Iran has said its nuclear program is for peaceful purposes only and has denied meddling in Iraq’s affairs. Recently, Iran tried to foster goodwill with Iraq’s new government by offering to host eight-nation talks about protecting Iraq’s borders from infiltration by foreign fighters.
But Iranian opposition groups say that offer was made after thousands of mullahs, informants, agents and fighters had already crossed the 1,500-kilometer, or 900-mile, border into Iraq, sometimes under the guise of Shiite pilgrims.
“Members of the Iranian opposition warned repeatedly of the dangers of fundamentalists coming from Iran,” said Ali Safavi, a former member of the National Council of Resistance of Iran, an opposition group with strong ties to militants. “In the chaos following the toppling of Saddam Hussein, the border was left unguarded, and tens of thousands entered Iraq.”
U.S. officials call the possible election of an Iranian-style theocratic government in Iraq “the nightmare scenario” but say they believe the chances of it are remote. But still, Iran’s ties to the new Iraq run deep, and there is little doubt that Iraq’s Shiite majority will do well at the polls and maintain close links with its powerful Shiite neighbor.
Grand Ayatollah Ali al-Sistani, one of Iraq’s most influential Shiite clerics, was born in Iran, although he advocates more separation between religion and politics for Iraq.

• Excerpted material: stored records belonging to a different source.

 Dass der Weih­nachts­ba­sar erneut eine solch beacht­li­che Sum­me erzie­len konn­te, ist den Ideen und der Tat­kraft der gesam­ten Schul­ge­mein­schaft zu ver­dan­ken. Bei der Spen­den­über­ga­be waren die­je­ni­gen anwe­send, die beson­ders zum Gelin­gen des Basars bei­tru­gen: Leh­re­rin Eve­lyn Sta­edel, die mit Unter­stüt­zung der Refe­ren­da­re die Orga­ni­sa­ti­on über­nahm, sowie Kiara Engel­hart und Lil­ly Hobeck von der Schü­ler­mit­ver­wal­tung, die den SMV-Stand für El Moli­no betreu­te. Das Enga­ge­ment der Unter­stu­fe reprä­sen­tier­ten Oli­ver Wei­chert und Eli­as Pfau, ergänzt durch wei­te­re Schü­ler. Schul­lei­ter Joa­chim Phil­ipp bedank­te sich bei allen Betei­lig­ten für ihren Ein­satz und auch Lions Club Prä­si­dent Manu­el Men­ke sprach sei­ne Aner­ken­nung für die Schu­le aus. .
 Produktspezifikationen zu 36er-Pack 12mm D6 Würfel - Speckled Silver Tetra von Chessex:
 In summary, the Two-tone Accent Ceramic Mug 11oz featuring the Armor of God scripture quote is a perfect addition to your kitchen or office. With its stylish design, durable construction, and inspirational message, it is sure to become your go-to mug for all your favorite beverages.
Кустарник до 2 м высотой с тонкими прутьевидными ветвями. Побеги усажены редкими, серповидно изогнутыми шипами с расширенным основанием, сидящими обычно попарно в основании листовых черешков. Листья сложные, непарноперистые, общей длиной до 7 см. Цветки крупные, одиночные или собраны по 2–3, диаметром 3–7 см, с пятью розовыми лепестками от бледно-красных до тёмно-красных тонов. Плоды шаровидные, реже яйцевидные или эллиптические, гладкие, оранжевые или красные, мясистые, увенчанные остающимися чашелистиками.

Millions of Iraqis are de facto dual citizens who took refuge in Iran during Saddam’s regime and are now returning to Iraq.

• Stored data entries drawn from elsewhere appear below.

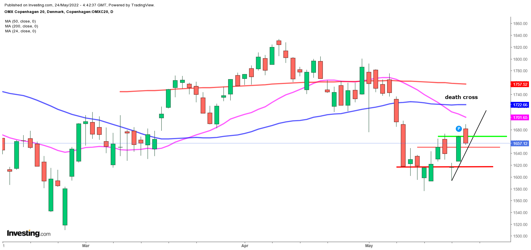 Ser BørsUdsigten på dagschartet for OMXC20 – minus 0,7 pct. (11 point) i indeks 1.657 – er der tale om et brud af toplinien i gættet konsolidering. Bundlinien i 1.618 niveauet er bekræftet, og brud heraf er et nyt EXIT-niveau.
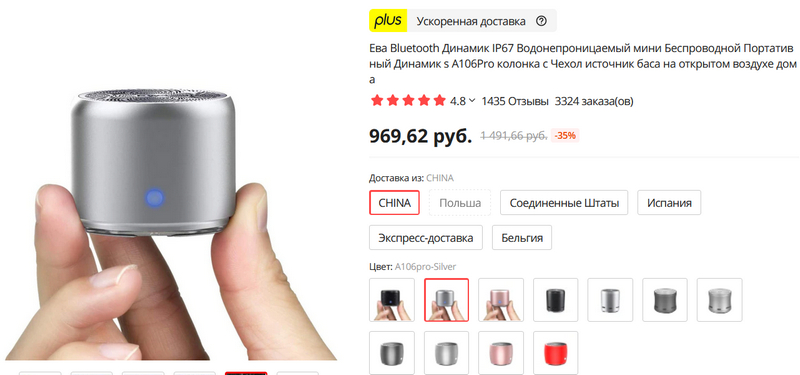 Очень маленькая беспроводная влагозащищенная колонка различных цветов. Мощность - 3 ватта, в отзывах пишут, что довольно громкая. В комплекте к ней идут чехол и кабель для зарядки.
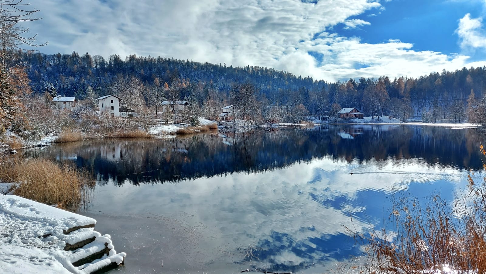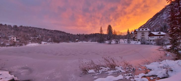 In alcuni tratti del percorso (soprattutto la seconda parte) c’è parecchia neve e si potrebbero utilizzare le ciaspole, ma è comunque percorribile con un buon scarponcino. Una volta arrivati a Malga Cimana (chiusa in questo periodo), ci si ritrova immersi in un ambiente dove regna una tranquillità assoluta.
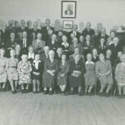 Kimberley Knights of Phythias, 1948: Top row: Unknown, Ernie Nesbitt, Mrs. Nesbitt, Mr. Clements, Mrs. Clements, unknown, Mr. Leith, Mrs. Leith, Bill Richardson, Mrs. Chesham, unknown, unknown, Mr. Davies, Mr. Sims. 2nd row: John Black, unknown, unknown, Mrs. Crossley, Mrs. Beduz, Mrs. Wilson, unknown, Mrs. Bidder, Mrs. Wormington, unknown, Mrs. Ingebritson, unknown, Mrs. Morrison, unknown, Percy Lye. 3rd row: Mr. Hargreaves, Charles Morrison, unknown, unknown, unknown, unknown, unknown, Mr. Bidder, Mrs. Whitford, Mr. Roskelly, Mrs. Roskelly, Mrs. Watkins, Mr. Watkins. 4th row: Mr. Adlard, unknown, unknown, unknown, Mrs. Inger, unknown, unknown, Mrs. Blackwell, Mrs. Vickers, Mrs. Stirton, unknown, unknown, Mrs. Horman, Mr. McClure.

A popular party in Iraq, the Supreme Council for the Islamic Revolution in Iraq, was formed in Iran in the 1980s during Saddam’s persecution of Iraqi Shiites. Abdul Aziz Hakim, head of the party, has received funding from Iran and met several times with Iran’s supreme leader, Ayatollah Ali Khamenei.
Some Iran specialists in Washington say the new political realities in the region will force Iran and the United States to work toward friendlier relations based on newfound common interests, such as stability in Iraq. But Iranian exiles, longtime enemies of Tehran, say the situation can only get worse.
“It is safe to say that the No. 1 beneficiary of the Iraq war unwittingly was the fundamentalist regime in Iran,” said Safavi. “It goes without saying that if, in fact, the Iranian clerics succeed in their plan, the whole region will be in a lot of trouble because you would have not one, but two fundamentalist regimes.”